Plain numbers are strands too. When you write 0.5, WEFT treats it as a strand that returns 0.5 at every coordinate. This means you can use numbers anywhere you use strands, and you can mix them freely:
dimmed.val = img.r * 0.5
Here img.r is a strand and 0.5 is a constant strand. The result is a new strand that’s half the red channel everywhere. Because strands define relationships rather than stored values, everything stays in sync automatically. dimmed.val is always half of img.r. If img.r changes, dimmed.val changes with it. There’s no update step.
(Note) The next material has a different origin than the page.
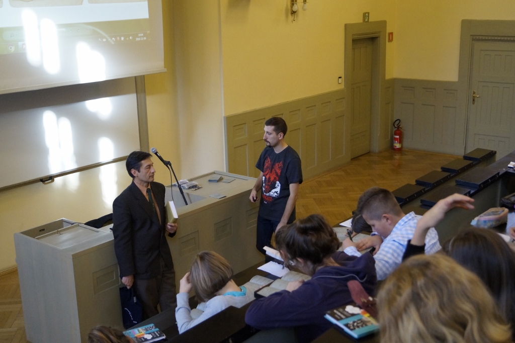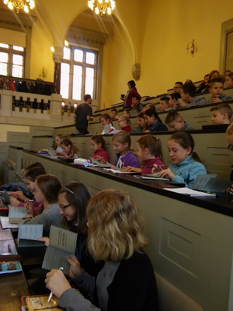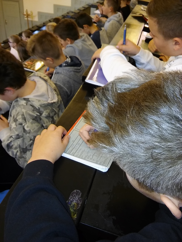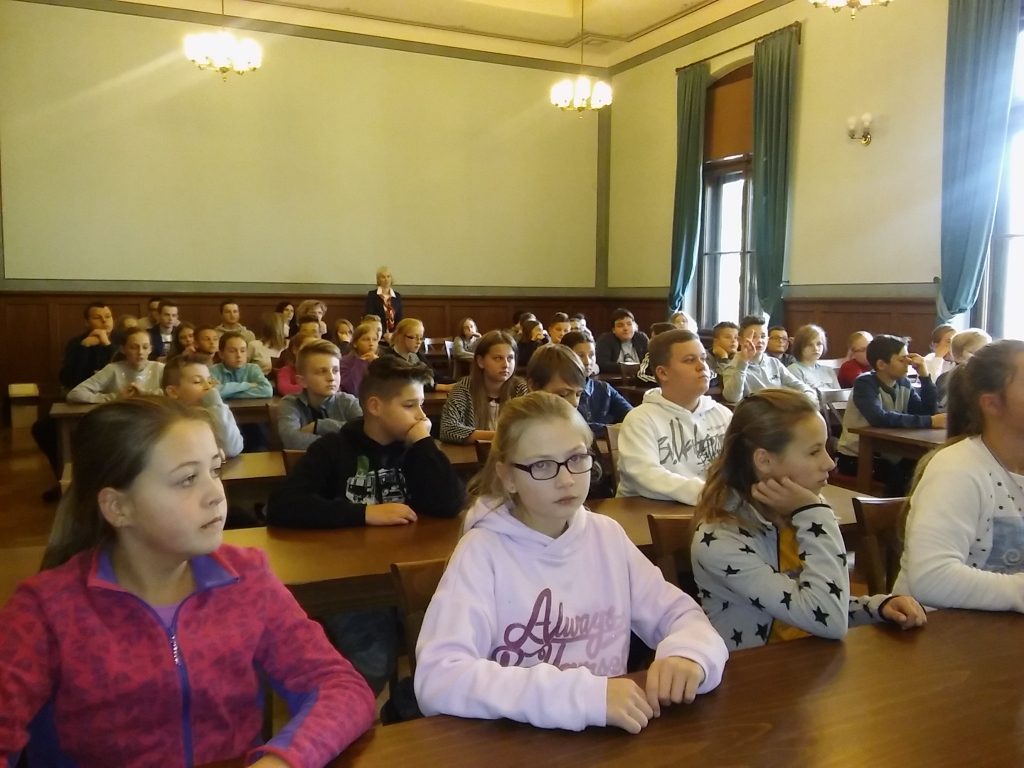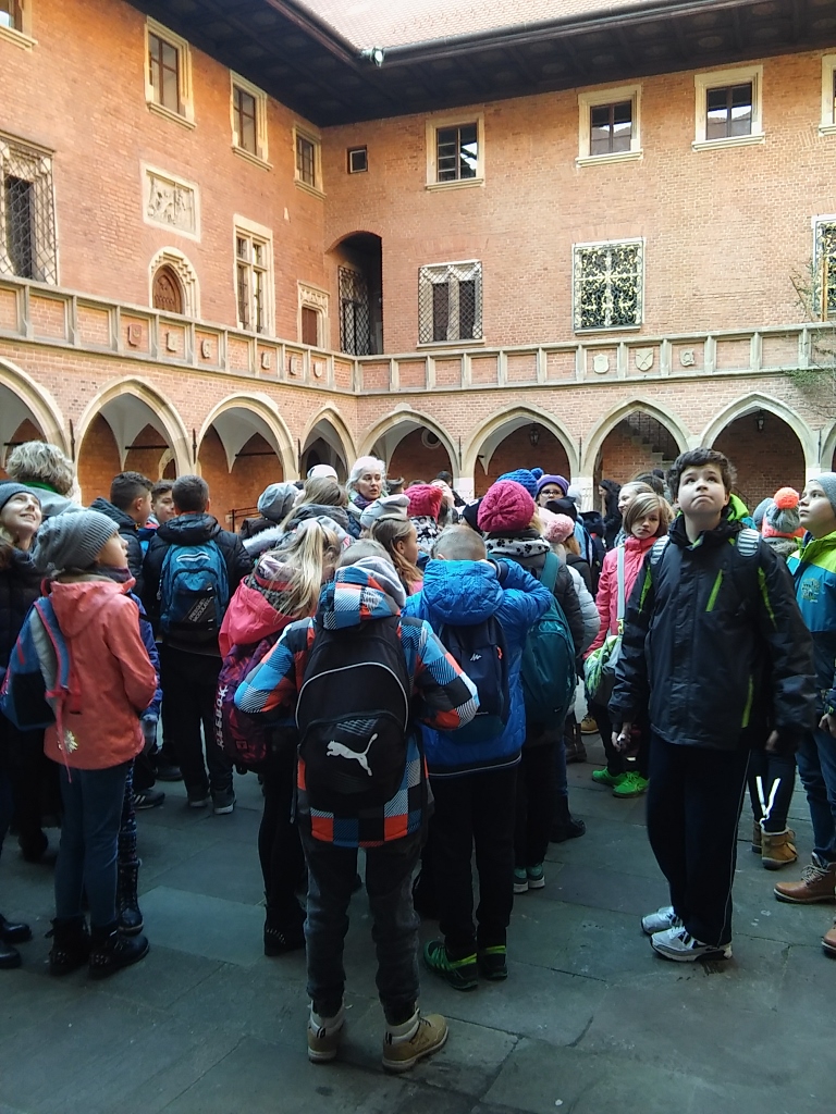 W sercu Starego Miasta, blisko historii i tradycji, grupa 54 szóstoklasistów pojawiła się punktualnie o godz. 9.00. Tu, w gmachu Collegium Witkowskiego, cieszącym się zasłużoną opinią niezwykłego miejsca filozofowania, gdzie profesor Józef Tischner przez wiele lat prowadził pasjonujące, intelektualne spotkania ze studentami, przyciągające tłumy słuchaczy, uczniowie „1” uczestniczyli w specjalnie dla nich przygotowanym wykładzie „Żołnierze Niezłomni”. Temat wykładu, zaproponowany przez organizatorki szkolnej wycieczki, stanowił kontynuację projektu „Być Polakiem w każdym wieku”, organizowanego pod honorowym patronatem Burmistrza Starego Sącza. Wykład, połączony z warsztatami, w pięknej, amfiteatralnej auli im. ks. prof. Józefa Tischnera, poprowadził doktorant UJ pan Mateusz Gawlik.

You describe the structure, and WEFT maintains it.
Bundles
A bundle groups strands together under a name. When you declare a bundle, the left side names the bundle and its strands, and the right side provides the definitions:
img[r, g, b] = [1, 0.5, 0.2]
This creates a bundle called img containing three strands. The names on the left match up with the expressions on the right in order, so r is 1 everywhere, g is 0.5, and b is 0.2. Having names for your strands makes code easier to read—img.r is clearer than img.0 when you’re thinking about colors.
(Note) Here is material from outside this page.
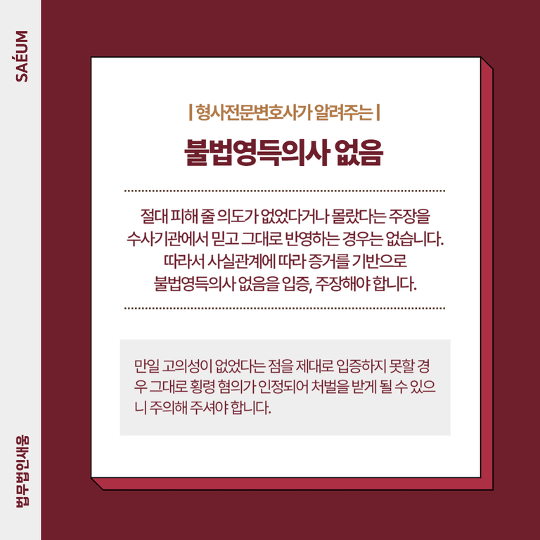이 경우 A씨가 B씨에게 금원을 지급하지 않은 상황에 대해서 정당한 사유가 있었는지가 중요한 관건이었습니다. 이에 법무법인 새움에서는 A씨와 아들, B씨 사이의 채무관계가 확정되지 않았다는 점을 강조할 수 있도록 하여 불법영득의사가 없었음을 입증하였습니다. 이와 같이 적극적으로 대응한 결과 무사히 고의성이 없다는 점이 인정 받아 불송치 결정을 받게 되었고, 해당 사건은 검찰 조사나 재판으로 넘어가기 전 빠르게 마무리될 수 있었습니다.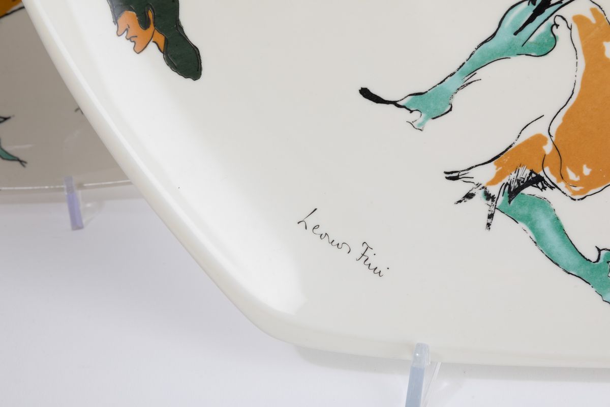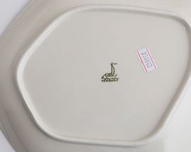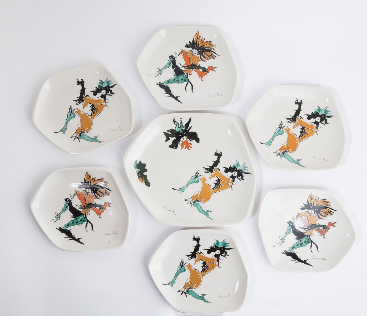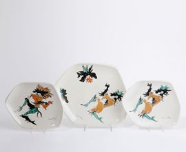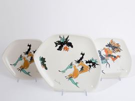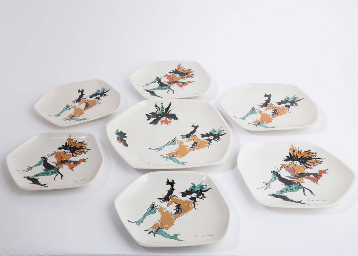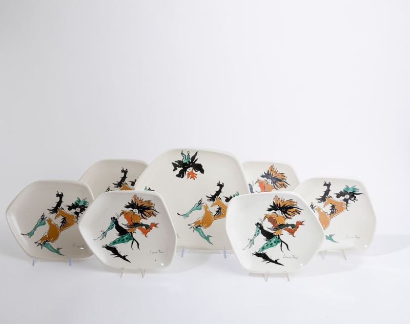 Set di 6 piatti ed uno più grande in terraglia a colaggio di forma poligonale con decoro di figure dipinte.

When a bundle only has one strand, you can use a shorter syntax. Instead of writing brightness[val] = [me.x + me.y], you can just write brightness.val = me.x + me.y. It means the same thing with less ceremony.
Sometimes you don’t need names at all. The bracket syntax creates anonymous bundles:
img = [0.5, 0.3, 0.8]
You can only access these strands by index, but that’s fine when you’re doing something quick inline—passing a color to a function, say, or building up an intermediate result that you’ll immediately discard.
Finally, bundles can’t contain other bundles. There’s no nesting, no [[a, b], [c, d]]. Bundles hold strands, strands produce numbers, and that’s as deep as it goes. The simplicity of types is what makes WEFT flexible.
Accessing Strands
All computation in WEFT happens at the strand level. Bundles are for organization, but when you actually want to do something—math, combining, passing to a function—you’re working with strands. The . operator pulls a strand out of a bundle.
If you’ve named your strands, you can access them by name:
img[r, g, b] = [1, 0.5, 0.2]
img.r // the red channel
You can also access by index, which is useful when you don’t care about names or when working with anonymous bundles:
img.0 // first strand (same as img.r above)
img.1 // second strand
colors = [0.8, 0.2, 0.4]
colors.0 // first strand
colors.2 // third strand
Negative indices count from the end. img.-1 is the last strand, img.-2 is second to last. This is useful when you don’t know a bundle’s width or just want to grab the end without counting.
Indices can also be expressions. palette.(1 + 1) evaluates to palette.2. More usefully, palette.(some_strand) lets another strand’s value choose which strand to select—this is how WEFT handles conditionals, which we’ll cover later.
Accessing a strand that doesn’t exist is an error. If a bundle has three strands, bundle.3 or bundle.-4 will fail.